WHAT YOU ARE ASKED TO DO: Write out all of the entries that follow, word for word, but skip the pictures.

Items from a dataset

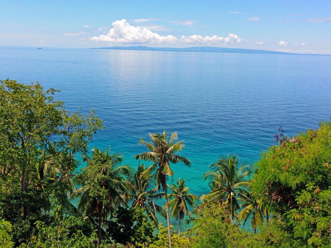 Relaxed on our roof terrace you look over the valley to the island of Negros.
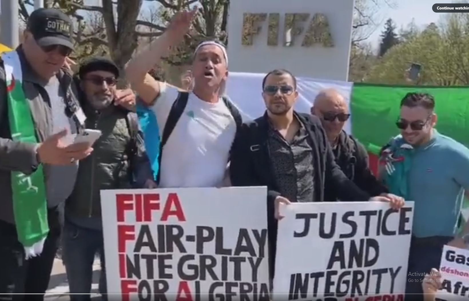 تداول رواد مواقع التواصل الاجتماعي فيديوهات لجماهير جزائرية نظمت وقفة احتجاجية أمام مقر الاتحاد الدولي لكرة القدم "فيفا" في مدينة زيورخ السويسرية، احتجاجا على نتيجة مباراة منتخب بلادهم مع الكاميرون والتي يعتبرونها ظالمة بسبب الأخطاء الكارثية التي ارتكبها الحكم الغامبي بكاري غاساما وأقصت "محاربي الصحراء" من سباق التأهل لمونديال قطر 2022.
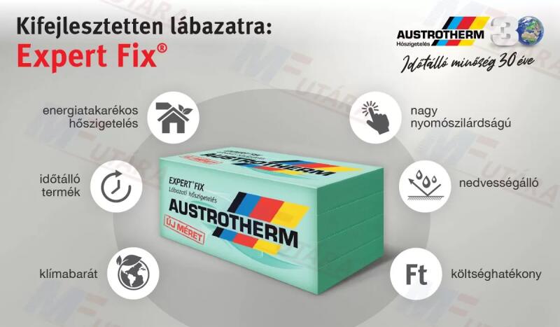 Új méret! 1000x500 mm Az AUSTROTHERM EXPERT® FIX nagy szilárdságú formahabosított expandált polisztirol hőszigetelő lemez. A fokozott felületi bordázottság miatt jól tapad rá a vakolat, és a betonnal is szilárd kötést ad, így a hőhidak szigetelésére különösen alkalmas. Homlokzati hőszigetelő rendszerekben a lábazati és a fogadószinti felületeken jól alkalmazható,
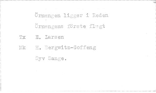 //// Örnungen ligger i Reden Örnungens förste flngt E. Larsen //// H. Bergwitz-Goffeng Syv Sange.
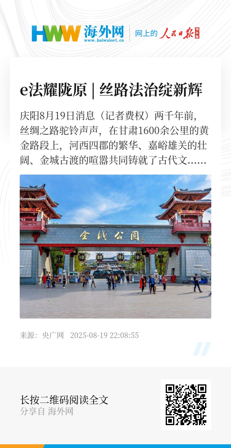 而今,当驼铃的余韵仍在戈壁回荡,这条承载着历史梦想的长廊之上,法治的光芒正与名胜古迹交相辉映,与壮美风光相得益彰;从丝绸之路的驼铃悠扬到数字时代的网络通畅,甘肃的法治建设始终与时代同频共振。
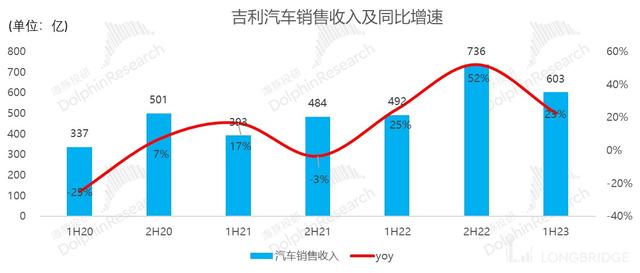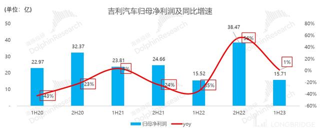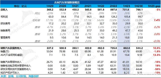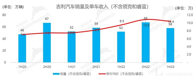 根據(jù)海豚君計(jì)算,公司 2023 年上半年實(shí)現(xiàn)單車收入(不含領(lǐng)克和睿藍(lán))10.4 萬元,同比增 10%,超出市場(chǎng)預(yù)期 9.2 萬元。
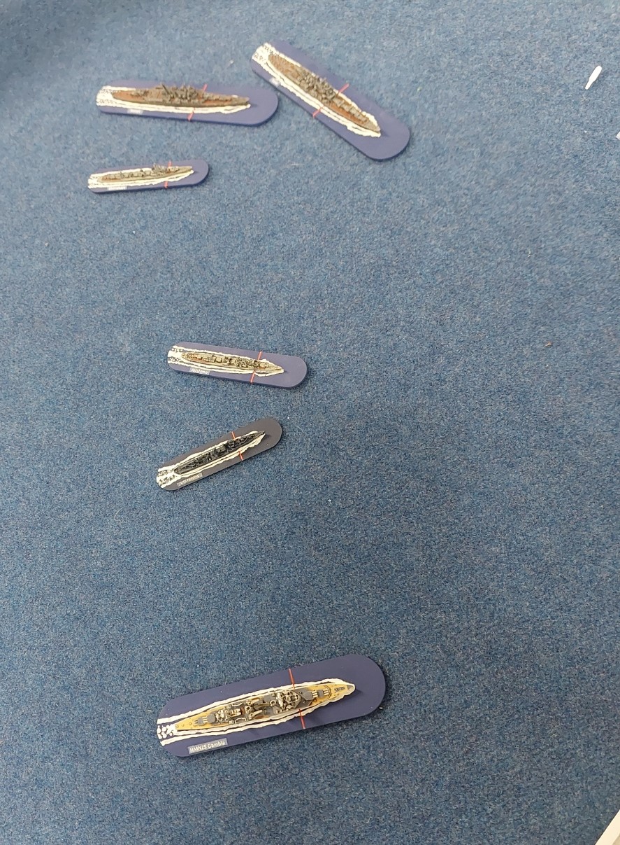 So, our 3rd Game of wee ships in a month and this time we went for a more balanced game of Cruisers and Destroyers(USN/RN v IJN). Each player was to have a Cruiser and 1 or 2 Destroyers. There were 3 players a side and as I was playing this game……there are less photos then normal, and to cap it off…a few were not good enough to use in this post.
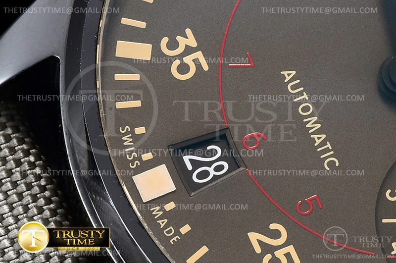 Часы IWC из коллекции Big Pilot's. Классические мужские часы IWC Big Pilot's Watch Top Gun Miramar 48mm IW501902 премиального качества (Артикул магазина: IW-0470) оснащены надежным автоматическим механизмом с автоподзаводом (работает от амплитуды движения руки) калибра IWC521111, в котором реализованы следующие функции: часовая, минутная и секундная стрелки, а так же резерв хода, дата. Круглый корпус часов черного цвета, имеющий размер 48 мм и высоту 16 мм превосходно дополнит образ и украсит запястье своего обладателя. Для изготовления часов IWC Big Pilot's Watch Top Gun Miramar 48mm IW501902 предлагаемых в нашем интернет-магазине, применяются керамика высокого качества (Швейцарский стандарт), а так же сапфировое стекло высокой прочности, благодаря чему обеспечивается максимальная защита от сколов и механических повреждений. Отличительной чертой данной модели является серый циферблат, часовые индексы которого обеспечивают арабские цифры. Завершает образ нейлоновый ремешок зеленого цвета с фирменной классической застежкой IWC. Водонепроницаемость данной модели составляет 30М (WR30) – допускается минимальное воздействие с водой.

THE COMPLETED TASK:
 Relaxed on our roof terrace you look over the valley to the island of Negros.
 تداول رواد مواقع التواصل الاجتماعي فيديوهات لجماهير جزائرية نظمت وقفة احتجاجية أمام مقر الاتحاد الدولي لكرة القدم "فيفا" في مدينة زيورخ السويسرية، احتجاجا على نتيجة مباراة منتخب بلادهم مع الكاميرون والتي يعتبرونها ظالمة بسبب الأخطاء الكارثية التي ارتكبها الحكم الغامبي بكاري غاساما وأقصت "محاربي الصحراء" من سباق التأهل لمونديال قطر 2022.
 Új méret! 1000x500 mm Az AUSTROTHERM EXPERT® FIX nagy szilárdságú formahabosított expandált polisztirol hőszigetelő lemez. A fokozott felületi bordázottság miatt jól tapad rá a vakolat, és a betonnal is szilárd kötést ad, így a hőhidak szigetelésére különösen alkalmas. Homlokzati hőszigetelő rendszerekben a lábazati és a fogadószinti felületeken jól alkalmazható,
 //// Örnungen ligger i Reden Örnungens förste flngt E. Larsen //// H. Bergwitz-Goffeng Syv Sange.
 而今,当驼铃的余韵仍在戈壁回荡,这条承载着历史梦想的长廊之上,法治的光芒正与名胜古迹交相辉映,与壮美风光相得益彰;从丝绸之路的驼铃悠扬到数字时代的网络通畅,甘肃的法治建设始终与时代同频共振。
 根據(jù)海豚君計(jì)算,公司 2023 年上半年實(shí)現(xiàn)單車收入(不含領(lǐng)克和睿藍(lán))10.4 萬元,同比增 10%,超出市場(chǎng)預(yù)期 9.2 萬元。
 So, our 3rd Game of wee ships in a month and this time we went for a more balanced game of Cruisers and Destroyers(USN/RN v IJN). Each player was to have a Cruiser and 1 or 2 Destroyers. There were 3 players a side and as I was playing this game……there are less photos then normal, and to cap it off…a few were not good enough to use in this post.
 Часы IWC из коллекции Big Pilot's. Классические мужские часы IWC Big Pilot's Watch Top Gun Miramar 48mm IW501902 премиального качества (Артикул магазина: IW-0470) оснащены надежным автоматическим механизмом с автоподзаводом (работает от амплитуды движения руки) калибра IWC521111, в котором реализованы следующие функции: часовая, минутная и секундная стрелки, а так же резерв хода, дата. Круглый корпус часов черного цвета, имеющий размер 48 мм и высоту 16 мм превосходно дополнит образ и украсит запястье своего обладателя. Для изготовления часов IWC Big Pilot's Watch Top Gun Miramar 48mm IW501902 предлагаемых в нашем интернет-магазине, применяются керамика высокого качества (Швейцарский стандарт), а так же сапфировое стекло высокой прочности, благодаря чему обеспечивается максимальная защита от сколов и механических повреждений. Отличительной чертой данной модели является серый циферблат, часовые индексы которого обеспечивают арабские цифры. Завершает образ нейлоновый ремешок зеленого цвета с фирменной классической застежкой IWC. Водонепроницаемость данной модели составляет 30М (WR30) – допускается минимальное воздействие с водой.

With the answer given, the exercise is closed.